■ What is being asked
Reproduce the entries exactly, but keep the pictures out of the copy.

■ Task inputs
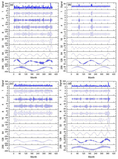The main aim of this section is to visualize the distribution of energy across scales (or resolution levels) of the hydrogeological time series. The MRA was performed on monthly data, and the results for the first 10 MRA levels are shown in Figure 3. Overall, the energy is distributed variably across levels in the hydrogeological time series and has significant periodic characteristics in different time scales, especially at a large scale. Runoff and rainfall show high energy oscillation at all levels, but they fluctuate with time, which indicates that the high-energy differences in monthly runoff and rainfall explain most of the differences. The energy vibrations at all time scales have a high consistency, and the vibration consistency is significant at a large scale, which demonstrates that runoff is significantly affected by rainfall. Evaporation shows high-energy vibrations at all time scales. Evaporation oscillation that gradually diminishes at 16-, 32- and 64-month time scales, however, is consistent with runoff and rainfall at 128- and 256-month time scales. Several obvious abrupt changes are detected from temperature in the vibration characteristics of 1 month to 4 months with the mutation years of 1990 (70-month) and 2000 (200-month) according to energy distribution. The oscillation characteristics of temperature are consistent with those of runoff and rainfall at time scales of 16, 64, 128 and 256 months. After 128-month time scales, the oscillation characteristics of runoff, rainfall, evaporation and temperature all appear to have the same vibration characteristics at 10–20-year time scales.
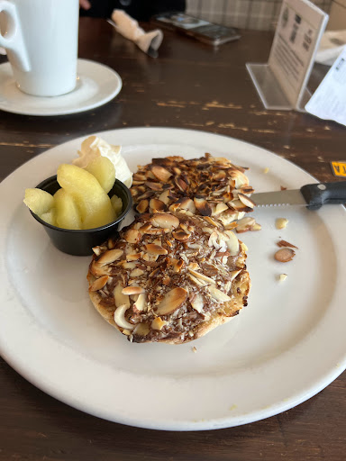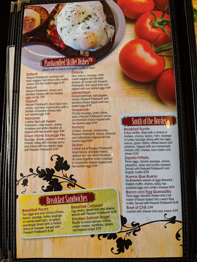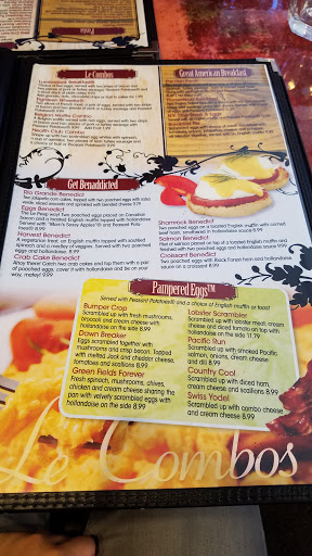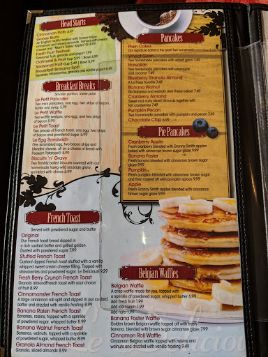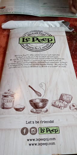 We moved an hour away from the Edison Le Peep about 10 years ago, and this was our first visit back since then. The decor has been upgraded, very nice. The service was excellent, our server was friendly and attentive. The food was a little disappointing from what we remember 10 years ago. I had the Belgian Waffle with Moms Sassy Apples. The waffle was very good, Moms apples were far from sassy. No spices, no flavor - they tasted like canned apples that had been overcooked into mushiness. My husband had the Banana/Raisin French Toast. The bananas and raisins were very good, a good amount and tasted great with the French toast. The FT itself, well, was bland. The bread had been barely dipped in the egg custard mixture, the inside of the bread was still white. Soak that bread, folks! Thats what gives it the flavor. I realize that portions may have been cut to keep prices down, but please dont sacrifice quality. We are willing to pay more for an excellent meal rather than get a mediocre meal. All in all, we would return. My old favorite was the HenPen, my husbands was the Lumberjack. We wanted to try something different today.
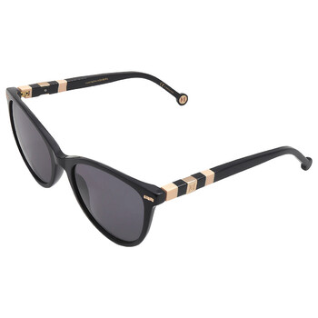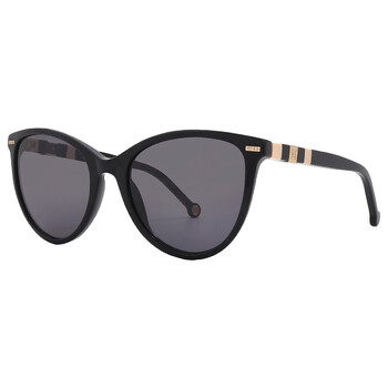 Carolina Herrera Sunglasses. Series number: HER 0107/S. Color code: 0KDX/IR. Shape: Cat Eye. Lens Width: 57 mm. Lens Bridge: 20 mm. Arm Length: 145 mm. 100% UV protection. Non-Polarized. Frame Material: Acetate. Frame Color: Black Nude. Lenses Type: Grey. Rim Style: Full-Rim. UPC/EAN code: 716736748719. Carolina Herrera Grey Cat Eye Ladies Sunglasses HER 0107/S 0KDX/IR 57.
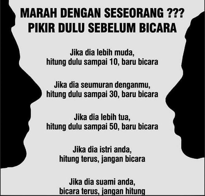 . Pada saat itu meskipun doi marah tapi nyatanya hingga. Tunggu sampai suami tenang. Pada laki-laki yang diam saat marah bukan berarti dengan membentaknya emosinya bisa mereda atau pada tipe meledak-ledak bukan berarti dengan cara membiarkannya bisa meredakan.
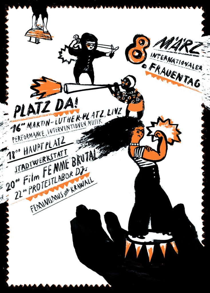 Zum Internationalen Frauentag werden unter dem Titel Feminismus & Krawall an verschiedenen Plätzen in der Linzer Innenstadt musikalische, akustische und performative Aktionen für Frauenrechte stattfinden. Passend dazu wird am Abend in der Stadtwerkstatt der Performance-Film FEMME BRUTAL zu sehen sein. Katharina Riedler (Crossing Europe, this human world) wird das Screening einführen.
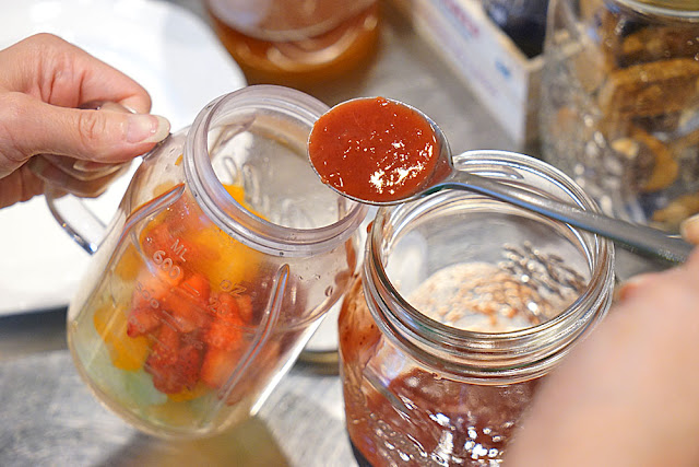 拿去果汁機攪拌攪拌一下,瞧瞧!超級滿的水果。
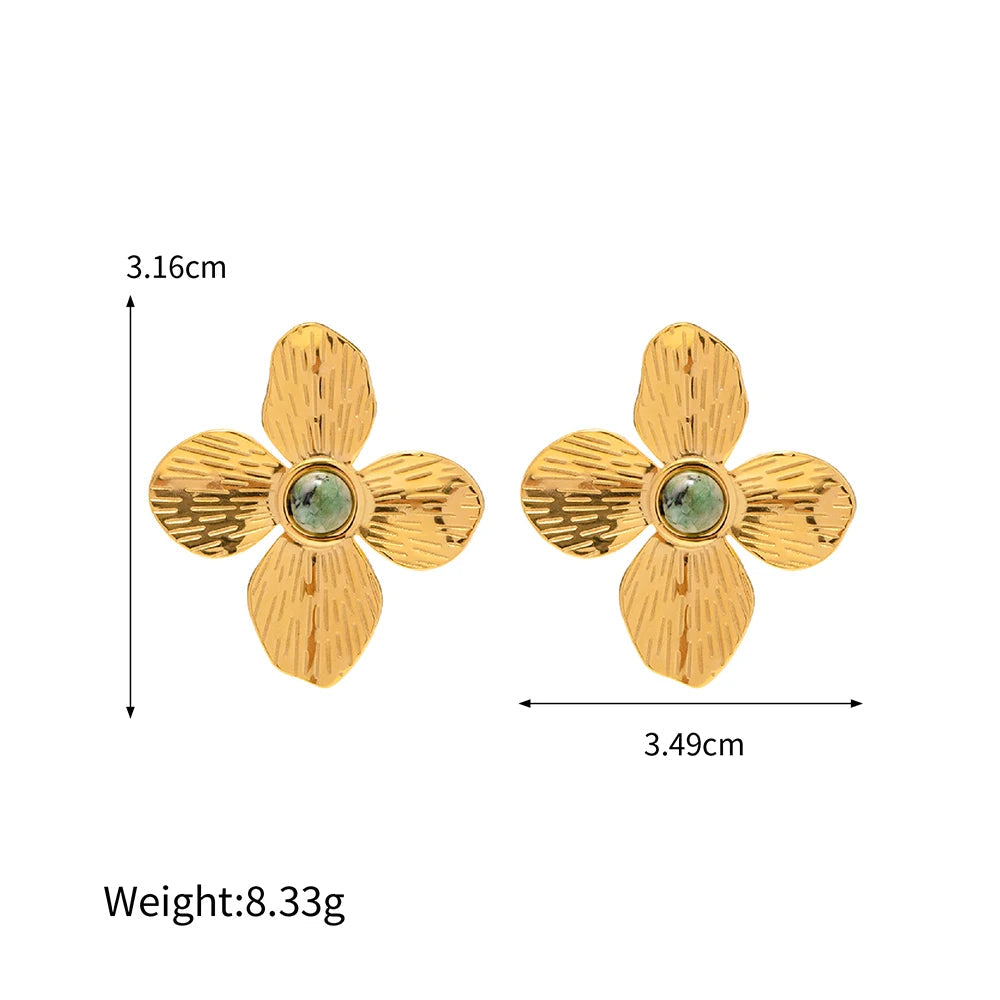ステンレス304 低ニッケル 水に濡れても錆びにくい 18Kゴールドメッキ ピアス フラワー 花 【YJ03448】
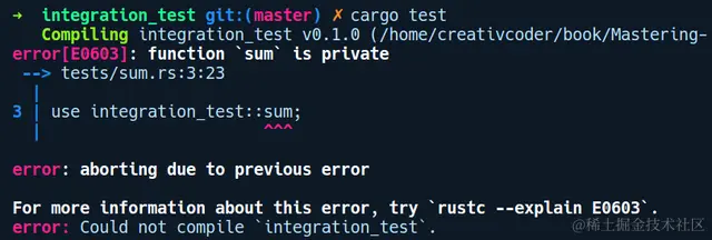 这个错误似乎很合理。我们希望程序库的用户调用sum函数,但是在程序库中却默认将其定义为私有的。因此,在sum函数之前添加pub修饰符,再次运行cargo test命令后,编译顺利通过:
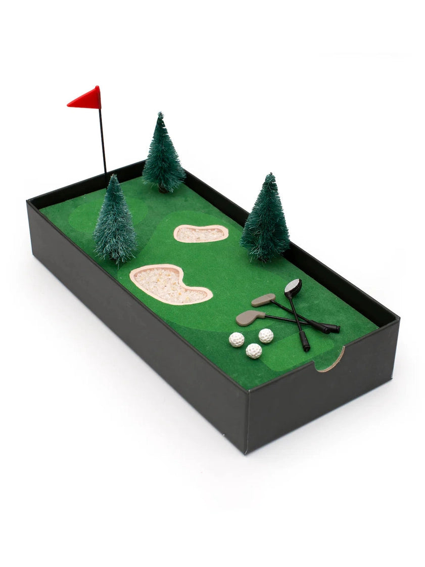 Includes three mini golf clubs and balls, three decorative trees, and quartz sand to fill your bunkers.

■ Response to the task
The main aim of this section is to visualize the distribution of energy across scales (or resolution levels) of the hydrogeological time series. The MRA was performed on monthly data, and the results for the first 10 MRA levels are shown in Figure 3. Overall, the energy is distributed variably across levels in the hydrogeological time series and has significant periodic characteristics in different time scales, especially at a large scale. Runoff and rainfall show high energy oscillation at all levels, but they fluctuate with time, which indicates that the high-energy differences in monthly runoff and rainfall explain most of the differences. The energy vibrations at all time scales have a high consistency, and the vibration consistency is significant at a large scale, which demonstrates that runoff is significantly affected by rainfall. Evaporation shows high-energy vibrations at all time scales. Evaporation oscillation that gradually diminishes at 16-, 32- and 64-month time scales, however, is consistent with runoff and rainfall at 128- and 256-month time scales. Several obvious abrupt changes are detected from temperature in the vibration characteristics of 1 month to 4 months with the mutation years of 1990 (70-month) and 2000 (200-month) according to energy distribution. The oscillation characteristics of temperature are consistent with those of runoff and rainfall at time scales of 16, 64, 128 and 256 months. After 128-month time scales, the oscillation characteristics of runoff, rainfall, evaporation and temperature all appear to have the same vibration characteristics at 10–20-year time scales.
 We moved an hour away from the Edison Le Peep about 10 years ago, and this was our first visit back since then. The decor has been upgraded, very nice. The service was excellent, our server was friendly and attentive. The food was a little disappointing from what we remember 10 years ago. I had the Belgian Waffle with Moms Sassy Apples. The waffle was very good, Moms apples were far from sassy. No spices, no flavor - they tasted like canned apples that had been overcooked into mushiness. My husband had the Banana/Raisin French Toast. The bananas and raisins were very good, a good amount and tasted great with the French toast. The FT itself, well, was bland. The bread had been barely dipped in the egg custard mixture, the inside of the bread was still white. Soak that bread, folks! Thats what gives it the flavor. I realize that portions may have been cut to keep prices down, but please dont sacrifice quality. We are willing to pay more for an excellent meal rather than get a mediocre meal. All in all, we would return. My old favorite was the HenPen, my husbands was the Lumberjack. We wanted to try something different today.
 Carolina Herrera Sunglasses. Series number: HER 0107/S. Color code: 0KDX/IR. Shape: Cat Eye. Lens Width: 57 mm. Lens Bridge: 20 mm. Arm Length: 145 mm. 100% UV protection. Non-Polarized. Frame Material: Acetate. Frame Color: Black Nude. Lenses Type: Grey. Rim Style: Full-Rim. UPC/EAN code: 716736748719. Carolina Herrera Grey Cat Eye Ladies Sunglasses HER 0107/S 0KDX/IR 57.
 . Pada saat itu meskipun doi marah tapi nyatanya hingga. Tunggu sampai suami tenang. Pada laki-laki yang diam saat marah bukan berarti dengan membentaknya emosinya bisa mereda atau pada tipe meledak-ledak bukan berarti dengan cara membiarkannya bisa meredakan.
 Zum Internationalen Frauentag werden unter dem Titel Feminismus & Krawall an verschiedenen Plätzen in der Linzer Innenstadt musikalische, akustische und performative Aktionen für Frauenrechte stattfinden. Passend dazu wird am Abend in der Stadtwerkstatt der Performance-Film FEMME BRUTAL zu sehen sein. Katharina Riedler (Crossing Europe, this human world) wird das Screening einführen.
 拿去果汁機攪拌攪拌一下,瞧瞧!超級滿的水果。
ステンレス304 低ニッケル 水に濡れても錆びにくい 18Kゴールドメッキ ピアス フラワー 花 【YJ03448】
 这个错误似乎很合理。我们希望程序库的用户调用sum函数,但是在程序库中却默认将其定义为私有的。因此,在sum函数之前添加pub修饰符,再次运行cargo test命令后,编译顺利通过:
 Includes three mini golf clubs and balls, three decorative trees, and quartz sand to fill your bunkers.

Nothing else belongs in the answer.